To assess the impact of the pandemic, we used an interrupted time series (ITS) approach. Segmented linear regression models were fitted for each system, with March 2020 as the interruption point. The models estimated immediate changes in level (intercept) and postinterruption trend (slope). Wilcoxon signed-rank tests were also used to compare the monthly volumes observed during the pandemic to projected values based on prepandemic trends. In the postpandemic period (2023), no procedures were recorded in the SUS, preventing a formal statistical comparison with the Supplementary Health system. All analyses were performed using the Python software (free and open source), version 3.X, with the following packages: pandas, scipy, and statsmodels.

Ethical Considerations

The current study used publicly-available, anonymized, and aggregated data. In accordance with Resolution no. 510/2016 of the Brazilian National Health Council (Conselho Nacional de Saúde, CNS, in Portuguese), ethical approval was not required.

Results

Procedural Volume Overview

Between January 2015 and December 2023, 434 procedures referring to Beta-emitting radionuclide therapy for bone pain in cancer patients were recorded in the SUS, and 749, in the Supplementary Health system.

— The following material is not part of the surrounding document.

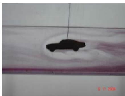
Fig. 12 Text Model 4

In a streetcar, the sustentation should not harm the aerodynamic efficiency, for they are obtained larger acting and smaller consumption.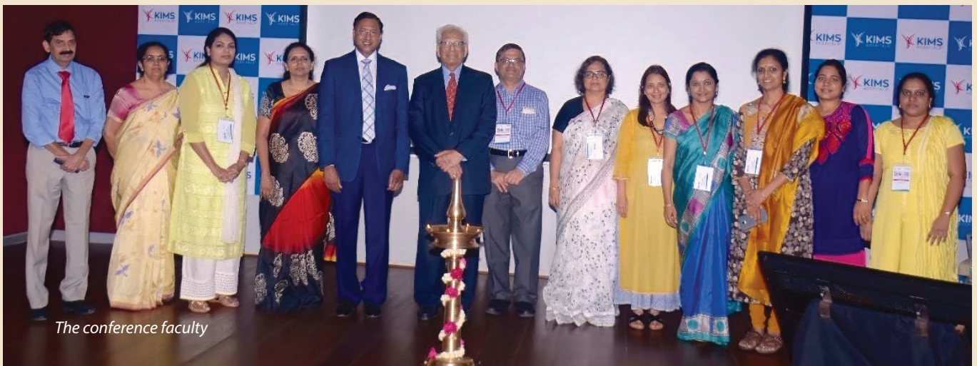
The conference faculty

[Fig. 1] displays the monthly number of Beta-emitting radionuclide therapy procedures for bone pain in cancer patients, comparing the public and private health systems in Brazil from January 2015 to December 2023. Prior to the pandemic, both systems showed moderate fluctuation in procedure volumes, and there was no statistically significant difference between them. After the onset of the COVID-19 pandemic in March 2020, the SUS experienced an abrupt and persistent decline in procedure numbers, reaching 0 in all months of 2023. Meanwhile, the Supplementary Health system showed a temporary increase in procedures at the start of the pandemic, followed by a gradual decline, but it maintained regular activity through the end of the period. The vertical line in [Fig. 1] marks the onset of the pandemic, clearly illustrating the different patterns of impact between the public and private health sectors.

[Table 1] provides an overview of the monthly procedural volume of Beta-emitting radionuclide therapy for bone pain in cancer patients, separated by health system and by the three aforementioned periods. In the table, each row corresponds to a specific health sector and period, while the columns present (from left to right): sector, period, median monthly number of procedures, and the total number of procedures performed during that period. This organization enables a clear comparison of procedural volumes between health sectors and across different stages of the COVID-19 pandemic.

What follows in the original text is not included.